Les réseaux sociaux sont secoués par une série d’articles, de dénonciations et d’alertes concernant des actes jugés comme des abus de pouvoir et des traitements disproportionnés et inacceptables sur la colline inspirée, symbole du savoir.
L’affaire oppose le professeur Élie Léon Ndomba Kabeya aux étudiants de la faculté de droit et a pris une tournure inquiétante, au point de remettre en cause l’exercice du pouvoir au sommet d’une institution judiciaire du pays.

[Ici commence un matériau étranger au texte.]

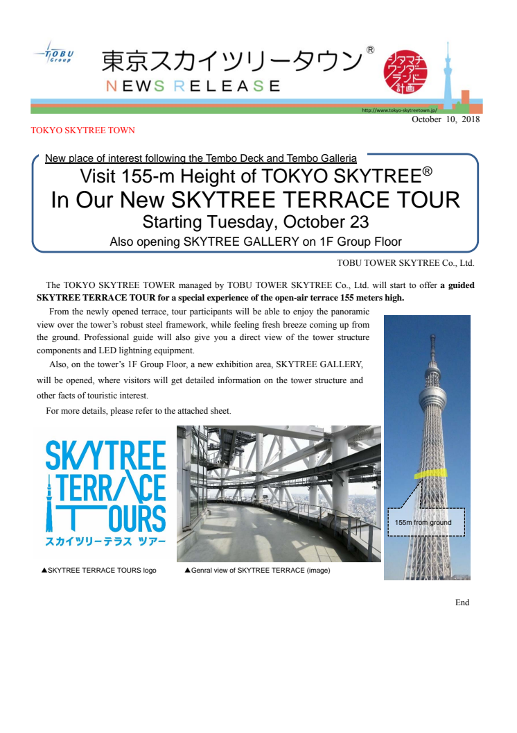 New place of interest following the Tembo Deck and Tembo Galleria. Visit 155-m Height of TOKYO SKYTREE® In Our New SKYTREE TERRACE TOUR Starting Tuesday, October 23 Also opening SKYTREE GALLERY on 1F Group Floor.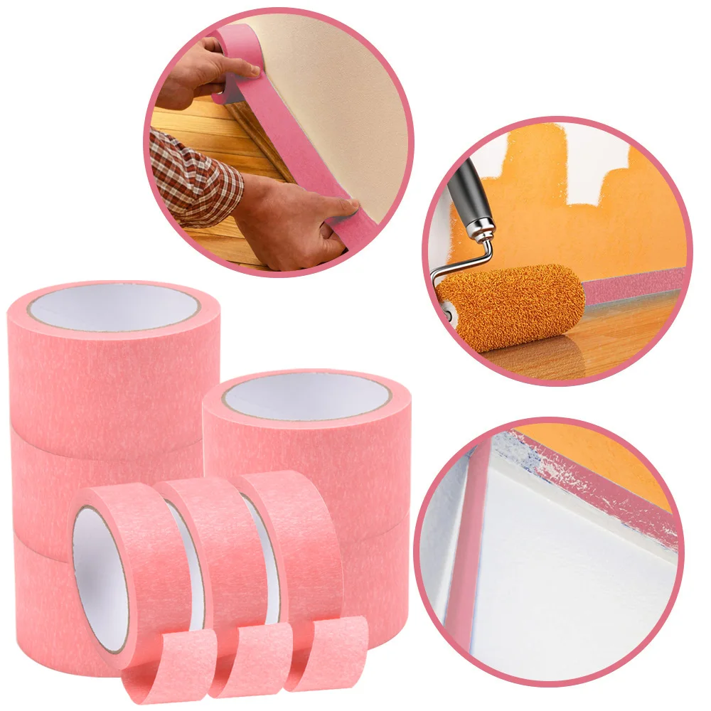 3 Rolls/Set Pink Painters Tape Painters Masking Residue-Free and Artisan Grade Wall Trim Tape Multi size universal version DIY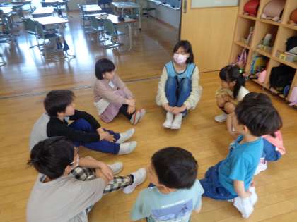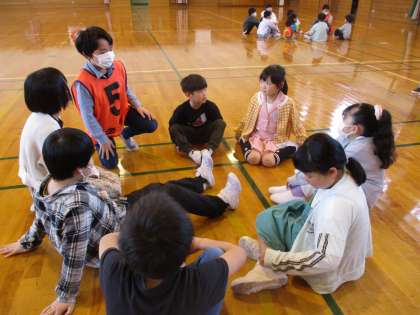児童会発足式の後、団ごとに集まり、なかよし班の顔合わせを行いました。

Également premier président de la Cour de cassation, le professeur Élie Léon Ndomba Kabeya aurait imposé aux étudiants le port obligatoire de la cravate pour avoir accès aux cours.

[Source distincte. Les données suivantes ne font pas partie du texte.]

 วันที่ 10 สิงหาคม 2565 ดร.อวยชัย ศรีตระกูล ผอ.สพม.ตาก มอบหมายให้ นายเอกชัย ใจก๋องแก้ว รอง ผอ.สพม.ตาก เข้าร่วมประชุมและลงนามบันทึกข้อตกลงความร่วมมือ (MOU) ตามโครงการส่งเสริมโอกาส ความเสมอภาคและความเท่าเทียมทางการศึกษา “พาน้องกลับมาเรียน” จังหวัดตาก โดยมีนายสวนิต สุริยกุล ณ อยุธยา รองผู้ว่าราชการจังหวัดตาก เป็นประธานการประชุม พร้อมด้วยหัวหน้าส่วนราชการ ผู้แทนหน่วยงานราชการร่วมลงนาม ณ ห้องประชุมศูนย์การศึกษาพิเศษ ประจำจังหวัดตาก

Malheureusement, la situation a dégénéré le week-end dernier lorsqu’un étudiant, Twala Lomba Anatole, ne portant pas de cravate, a voulu assister au cours dispensé par le professeur, également premier président de la Cour de cassation. Sur instruction de ce dernier, l’étudiant aurait été brutalisé par des policiers armés affectés à la sécurité du haut magistrat.
Selon des témoignages, l’étudiant aurait perdu certains de ses biens au cours de l’altercation, suscitant la colère de ses collègues qui n’ont pas hésité à manifester devant le bâtiment administratif de l’UNIKIN. Un autre étudiant, venu soutenir la première victime, aurait également été interpellé de force, à la grande surprise des membres du corps académique et sécuritaire de l’Alma mater.
Âgé de 64 ans, le professeur Élie Léon Ndomba Kabeya, qui a pris ses fonctions le 14 septembre 2023, se retrouve aujourd’hui au cœur d’une polémique. Comment une si haute personnalité peut-elle faire appel à des hommes armés dans un environnement académique pour maîtriser des étudiants, alors que chaque université dispose de ses propres agents de sécurité ? Par ailleurs, comment le dossier a-t-il pu quitter si rapidement la colline inspirée pour se retrouver au parquet ?
À cet instant, la situation reste très tendue à l’Université de Kinshasa, bien que des pistes de solution soient en cours d’examen.